*** Opening of Data supplied ***

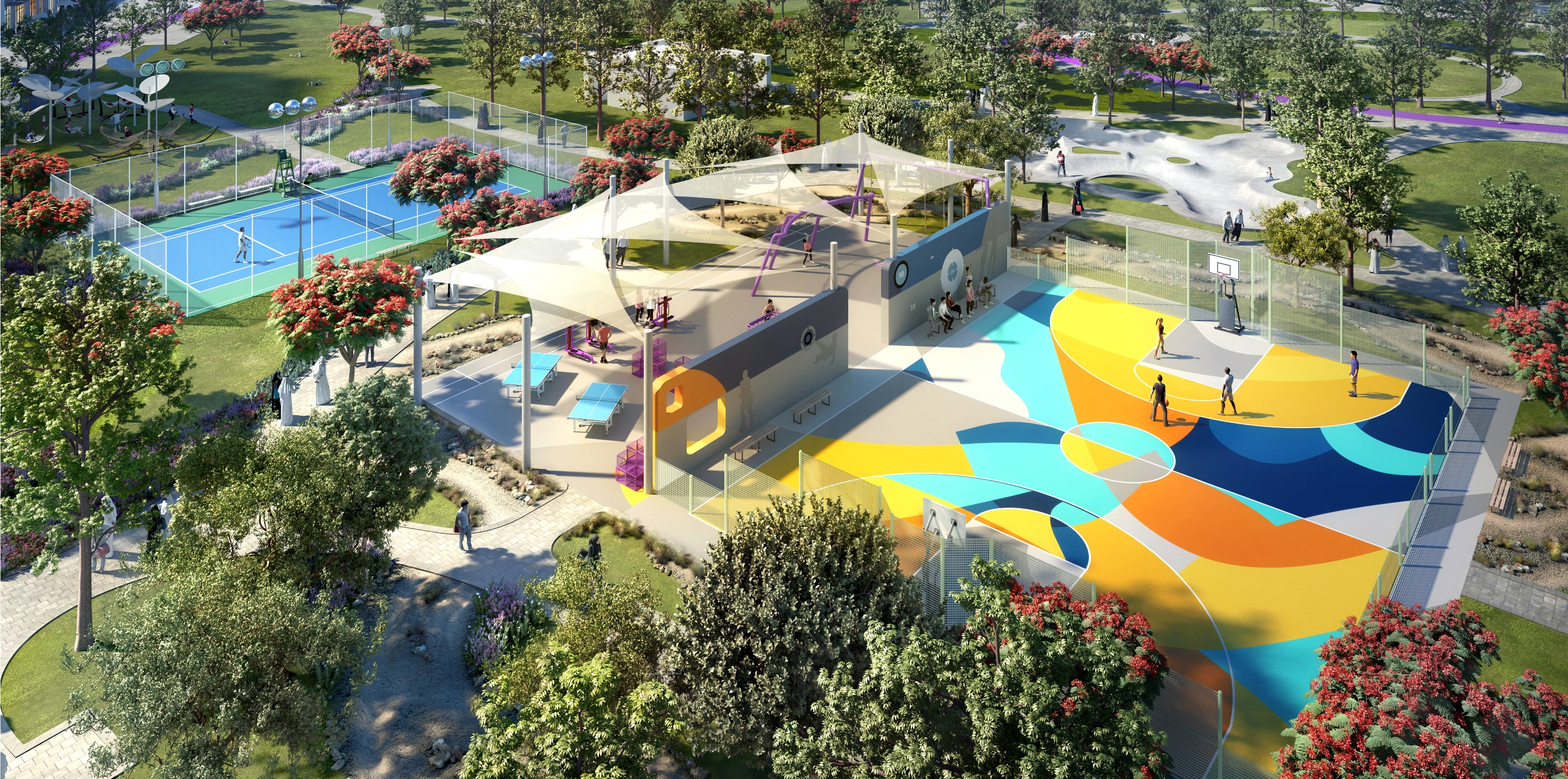 Площадь около 180000 кв.м - в четыре раза больше площади Плас-де-л'Этуаль в Париже - Парк Дубай-Хиллз - это пышная зеленая гавань в самом сердце Dubai Hills Estate. С функциями и удобствами, которые улучшат самочувствие всех жителей Dubai Hills Estate.
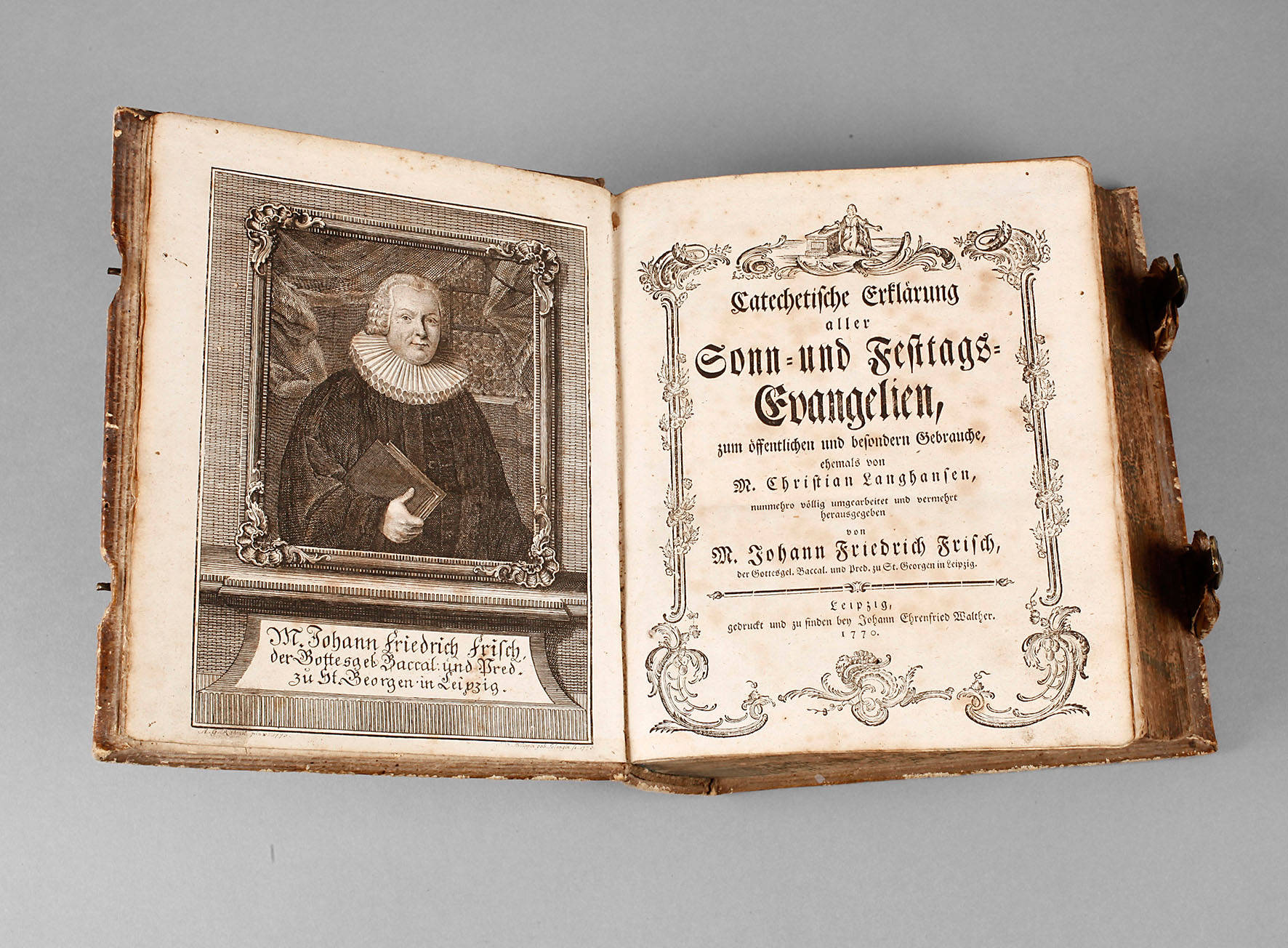 Catechetische Erklärung aller Sonn- und Festtags-Evangelien, zum öffentlichen und besondern Gebrauche, ehemals von M. Christian Langhansen, nunmehro völlig umgearbeitet und vermehrt herausgegeben von M. Johann Friedrich Frisch, der Gottesgl. Baccal. und Pred. zu St. Georgen in Leipzig, bei Johann Ehrenfried Walther Leipzig 1770, Format 8°, 831 S. und 9 Blatt, mit Kupferstichfrontispiz, welche den Autor im Hüftbildnis zeigt, Kupferstecher J. D. Philippin, originaler Ledereinband mit ornamentaler Prägung, Seiten und Einband gering wurmstichig, originale Buchklappen noch voll funktionstüchtig.
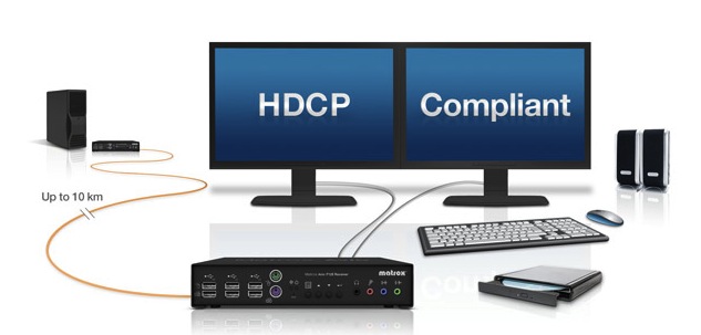 Protección de contenido digital de ancho de banda alto (HDCP) y el aumento de la distancia de extensión máxima a 10 Km. con un solo cable de fibra óptica dúplex LC-LC son las principales innovaciones que Matrox Graphics ha incorporado a sus extensores KVM Avio F125.
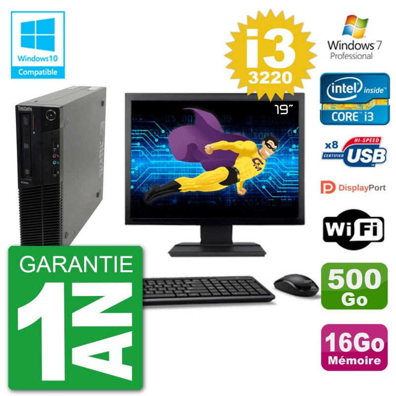 PC Lenovo M82 SFF - Intel Core I3-3220 3.3 Ghz (3 Mo) - 16 Go DDR3 - Disque Dur 3,5" 500 Go - Graveur DVD - Clé WIFI USB - Windows 7 Pro - Livré avec Ecran 19" + clavier + souris (Marques et modèles variables) - Garantie 1 an.
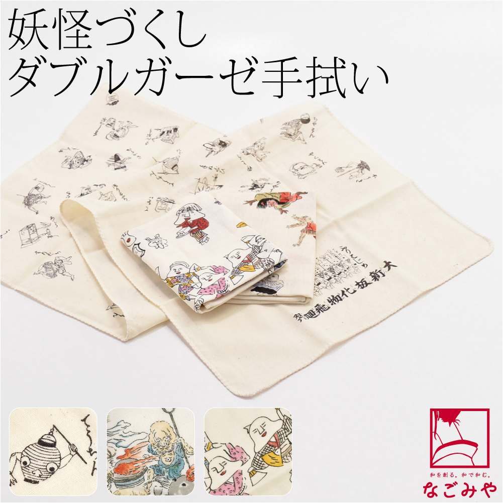 ダブル ガーゼ 手ぬぐい 通年用 日本製 彩 妖怪づくし 手拭い 粗品 プチギフト お年賀 年始挨拶 内祝い お祝い 暑さ 熱中症 対策 ユニセックス
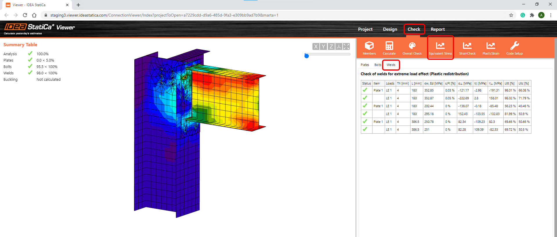 In the Viewer tab Check, you can browse the detailed results e.g. for welds as well as display the stresses and strains in the connection.
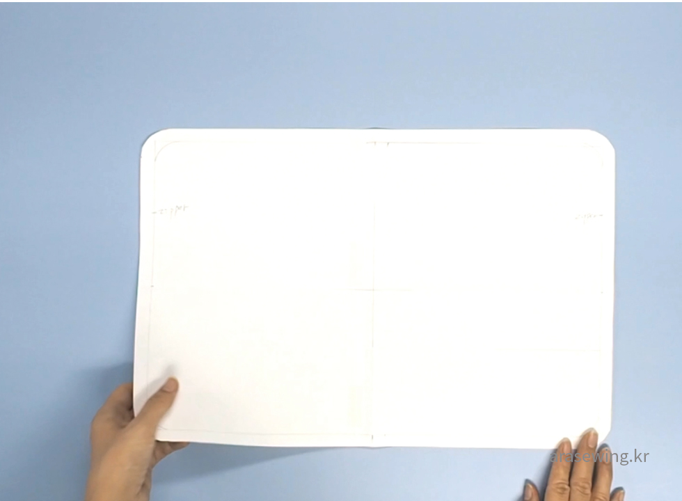 사이즈에 가로, 세로, 각 1cm를 여유분을 주어 패턴을 그린다.-시접은 사방 1cm / 지퍼 위치를 정하여 표시한다.
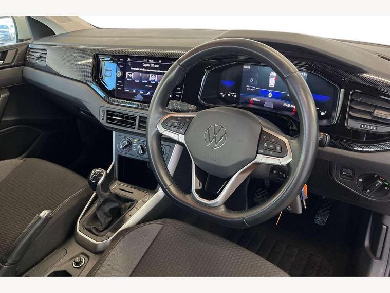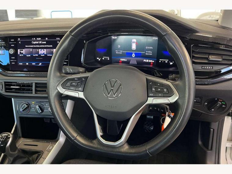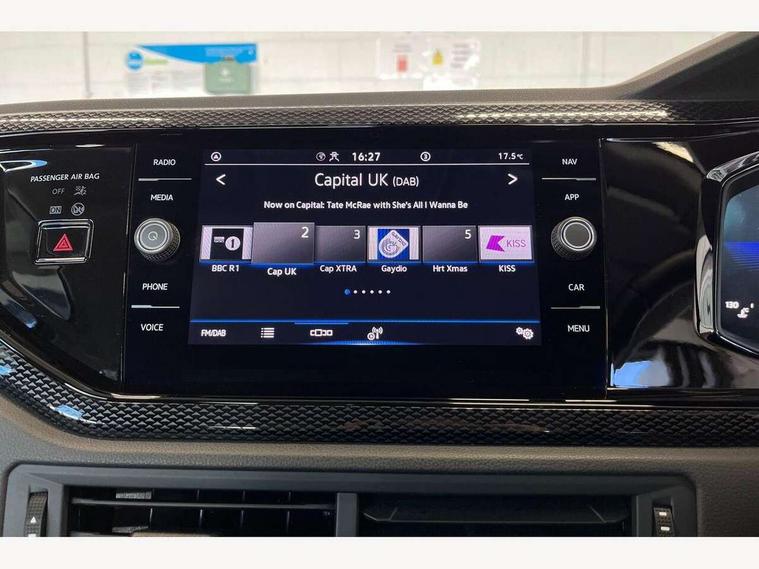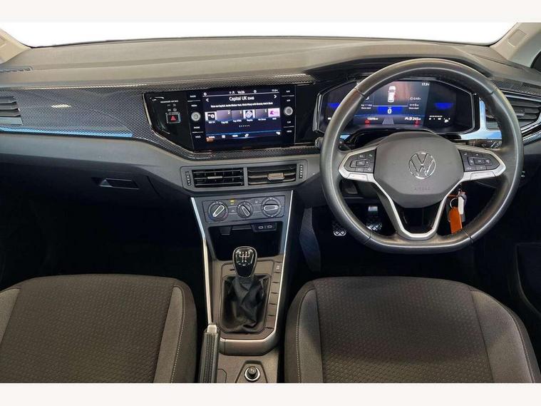 Bluetooth mobile phone interface, Cruise control + speed limiter, Driver alert system, Emergency call service, Lane keeping system Lane Assist, Power assisted speed sensitive steering, Preparation for We connect and We connect plus, Speedo and rev counter, electronic odometer, trip, service interval display and fuel gauge, Standard rear axle, Trip computer, Warning signal and warning light for front and rear seatbelts not fastened, Washer fluid level indicator, Wireless app connect, Front wheel drive, Rear shock absorpion, Start-stop system with battery regeneration (recuperation - energy recovery during braking), DAB Digital radio, Diversity antenna for FM reception, Automatic dimming interior rear view mirror, Body colour bumpers, Body colour door handles, Body colour door mirrors, Electric front windows, Heat insulating darkened glass in side and rear windows, Heat insulating glass windscreen, Power folding adjustable/heated exterior mirrors and front passenger exterior mirror lowering function, Rain sensor, Rear electric windows, Rear fog light, Rear side wing doors, Rear windscreen washer and wiper with interval delay, Third brake light, 12V power socket in centre console, 2 front and 2 rear reading lights, 2 USB-C ports in the front, 2 USB-C charging sockets on the center console in the rear, 3 rear head restraints, 60/40 split folding rear seat and rear seat bench not split, Ceramique headliner, Chrome plated radiator grille inserts, air vent surrounds and light switch surrounds, Door and side trim panel, Driver and front passenger seat height adjustment, Driver/passenger sunvisors with illuminated vanity mirrors, Front centre armrest, Front seat backrest storage pockets, Front standard seats, Handbrake lever handle in leather, Hartley/Thomas cloth upholstery, Isofix child seat preparation easy-fit (for two outer rear seats, and front passenger seat) compatible with I-size, Leather trimmed gear knob, Luggage compartment cover, Luggage compartment floor, Luggage compartment lighting, Multifunction steering wheel, Single front passenger seat, Standard pedal cluster, Light and vision pack - Polo, 3 point height adj front seatbelts + pretensioners, 3x3 point rear seatbelts, ABS, Driver and front passenger airbag with front passenger airbag deactivation, Drivers and front passengers safety optimised head restraints, ESC (Electronic stability control) + EDL (Electronic Differntial lock) and ASR (Traction control), Extended and predictive pedestrian/ cyclist protection, Front assist including city emergency braking, Front curtain and side airbags with center airbag, Front disc brakes, Hill hold control, Manual child lock in rear doors, Rear drum brakes, Single tone horn, Tyre pressure loss indicator, Alarm with interior protection, Anti-theft alarm system with interior monitoring, backup horn, and towing protection, Anti-theft wheel bolts, Electronic engine immobiliser, Lava stone black gloss/matt decorative inserts in dash and front door panels, Low rolling resistance tyres,
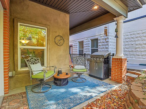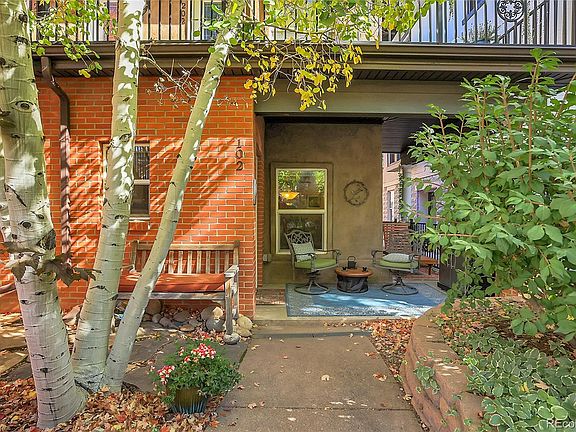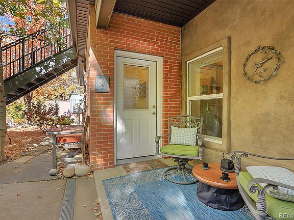 Discover the perfect blend of historic charm and modern elegance in this stunning condo, located in the heart of Golden. Immerse yourself in the convenience and culture of this historic town by easily accessing museums, Clear Creek, outdoor activities, nearby trailheads, shopping, dining, and entertainment out the front door. Originally built in 1904 and fully renovated in 2006, the condo combines rustic character with contemporary sophistication featuring exposed brick walls, textured flooring, high ceilings, full-size windows, custom craftsmanship, and a refinement that frames a spacious, open layout. From the private, ground-level entrance, the foyer greets you with tile flooring and a coat closet to shed layers. Adjacently the dining room is accentuated with classic lighting fixtures, and lots of natural light, providing a great space for meals. Seamlessly flow into the living room defined by exposed brick that adds a texture of warmth and encourages relaxation and conversation. The kitchen showcases granite countertops, modern appliances, ample storage space, and custom lighting sure to please the at-home chef. The primary bedroom has an adjoining sitting area that is useful for reading, arts/crafts, and is lined with windows offering plentiful light. An en-suite full bathroom is highlighted by a classically designed vanity and tiled floor and shower. Returning down the hallway a second bedroom functions as an office space with built-in shelving and desktop, a multi-functional space meeting your specific needs. Also from the hall is the ¾ bathroom, perfect for guests, and the in-unit laundry features a newer washer/ dryer. The included 1-car detached garage, a unique amenity in the area, combined with the designated storage room on the lower level grants adequate space for all your outdoor gear and parking! Discover a cohesive convergence of timeless character and modern interior design in this ideally located condo, offering a lifestyle of unmatched quality!
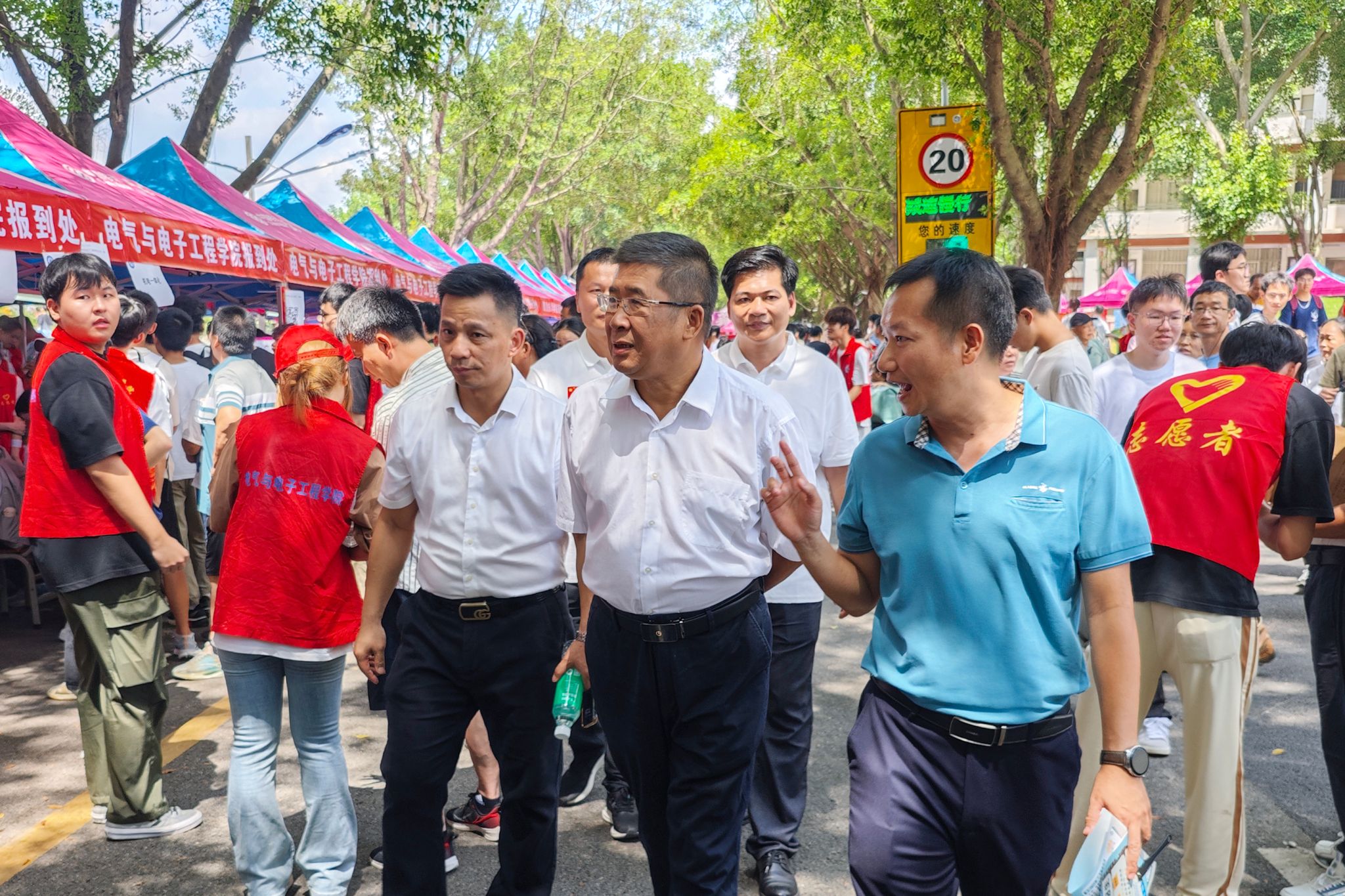 学校高度重视迎新工作。叶念乔董事长及校领导亲临现场,走访各学院及部门接待点,详细了解新生注册情况,慰问一线工作人员和学生志愿者,并与新生及家长亲切交流。
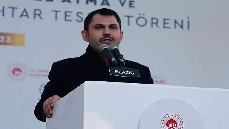 Çevre, Şehircilik ve İklim Değişikliği Bakanı Murat Kurum, Elazığ Afet Konutları Temel Atma ve Sosyal Konutlar Anahtar Teslim Töreni'nde yaptığı konuşmada, 55 gün önce 11 ili etkileyen asrın felaketini 81 ilden 85 milyon kişinin hep birlikte hissettiğini söyledi.
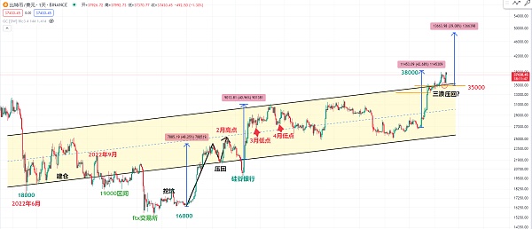 我们可以观察比特币的日线图,特别是35000的支撑位。根据个人的杠杆倍数,选择止损的百分比也会不同。一般来说,十倍杠杆下,1%的止损是相对适中的。所以35000的支撑位是一个巧妙的位置,取决于你选择的高点和中轴位置,比如今年3月份的低点、几年4月份的低点、硅谷银行的高点等。这些位置构成了一个明显的支撑位。
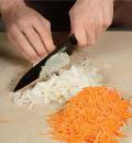 Приготувати соус. Цибулю і моркву очистити, цибулю дрібно нарізати, моркву натерти на крупній тертці. У сотейнику розтопити масло і обсмажити цибулю, 6 хв. Покласти моркву і готувати ще 5 хв. Крок 3

*** Close of Data supplied ***

Task brief
Those lines of the records above that run from the one containing "Protección de contenido" through the one containing "사이즈에 가로, 세로, 각" should be returned exactly, with no pictures among them.

Exercise result
 Protección de contenido digital de ancho de banda alto (HDCP) y el aumento de la distancia de extensión máxima a 10 Km. con un solo cable de fibra óptica dúplex LC-LC son las principales innovaciones que Matrox Graphics ha incorporado a sus extensores KVM Avio F125.
 PC Lenovo M82 SFF - Intel Core I3-3220 3.3 Ghz (3 Mo) - 16 Go DDR3 - Disque Dur 3,5" 500 Go - Graveur DVD - Clé WIFI USB - Windows 7 Pro - Livré avec Ecran 19" + clavier + souris (Marques et modèles variables) - Garantie 1 an.
 ダブル ガーゼ 手ぬぐい 通年用 日本製 彩 妖怪づくし 手拭い 粗品 プチギフト お年賀 年始挨拶 内祝い お祝い 暑さ 熱中症 対策 ユニセックス
 In the Viewer tab Check, you can browse the detailed results e.g. for welds as well as display the stresses and strains in the connection.
 사이즈에 가로, 세로, 각 1cm를 여유분을 주어 패턴을 그린다.-시접은 사방 1cm / 지퍼 위치를 정하여 표시한다.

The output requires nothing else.